Biotech Updates

Genes from Chickweed Increase Resistance to Fungi

July 8, 2011

In a previous study, two antifungal peptides (SmAMP1.1a and SmAMP2.2a) were isolated from a plant commonly known as chickweed (Stellaria media). It was found that the peptides were formed in chickweeds when two propeptides (pro-SmAMP1 and pro-SmAMP2) are degraded. Rahim Shukurov of Russian Academy of Agricultural Sciences and colleagues reported that expression of the two propeptides was tissue-specific and increased significantly when exposed to fungal infection.

The researchers made three genetic constructs based on pro-SmAMP1 gene to investigate if chickweed has any advantages in defending against phytopathogens due to the unique structure of the propeptides. They used Arabidopsis and tobacco plants transformed with the constructs.

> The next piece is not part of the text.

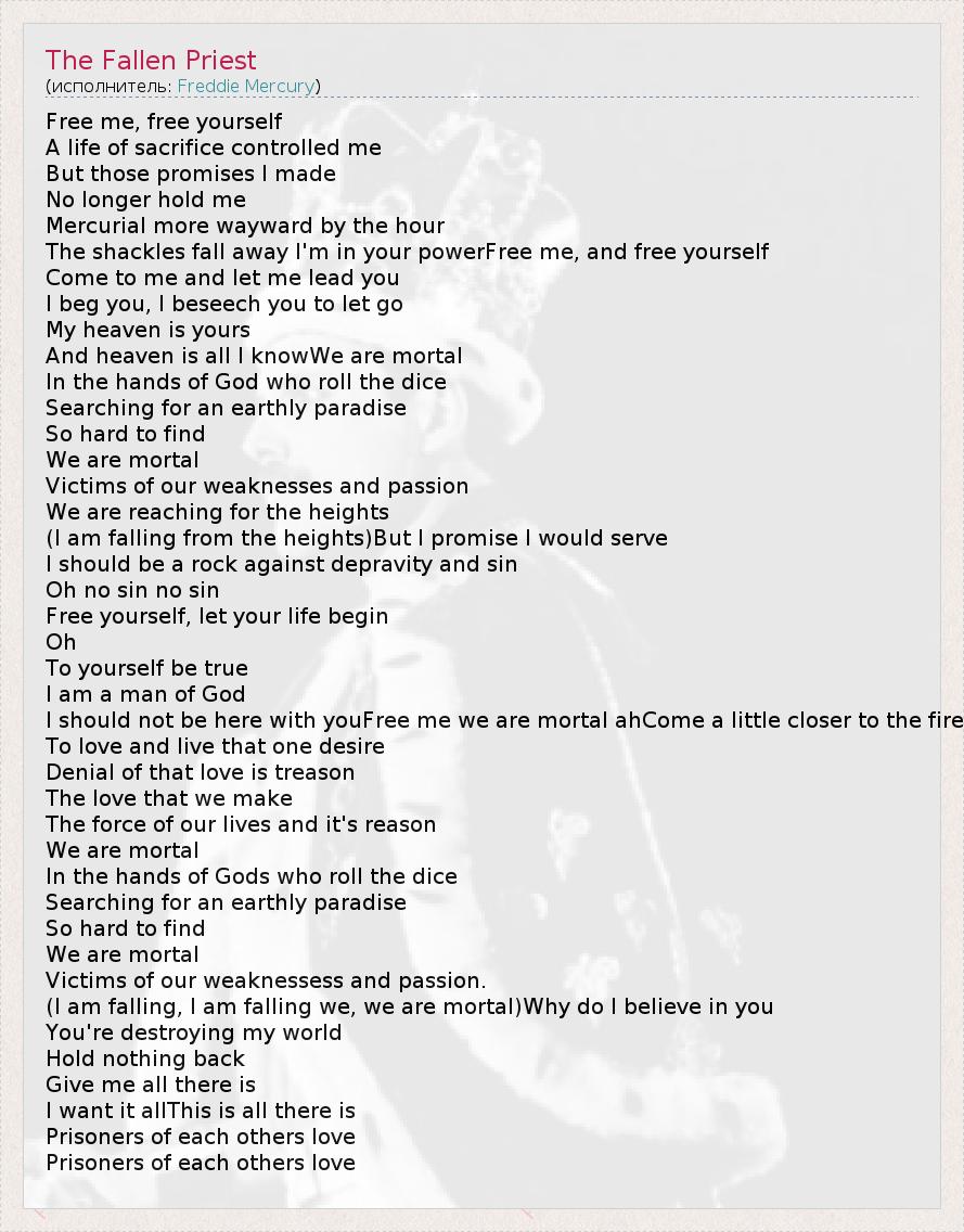 А как ты думаешь, о чем песня "The Fallen Priest" ?

Results showed that the transgenic plants containing the complete pro-SmAMP1 gene exhibited the highest resistance to phytopathogens Bipolaris sorokiniana and Thielaviopsis basicola. The resistance of chickweeds could be attributed to the fungal-inducible expression of the proSmAMP1 and pro-SmAMP2 genes and due to some special features of the structure of the corresponding propeptides. When these two propeptides undergo a particular process, two different antimicrobial peptides were released. Thus, these genes from chickweed  can be used in developing plant resistance against fungal diseases.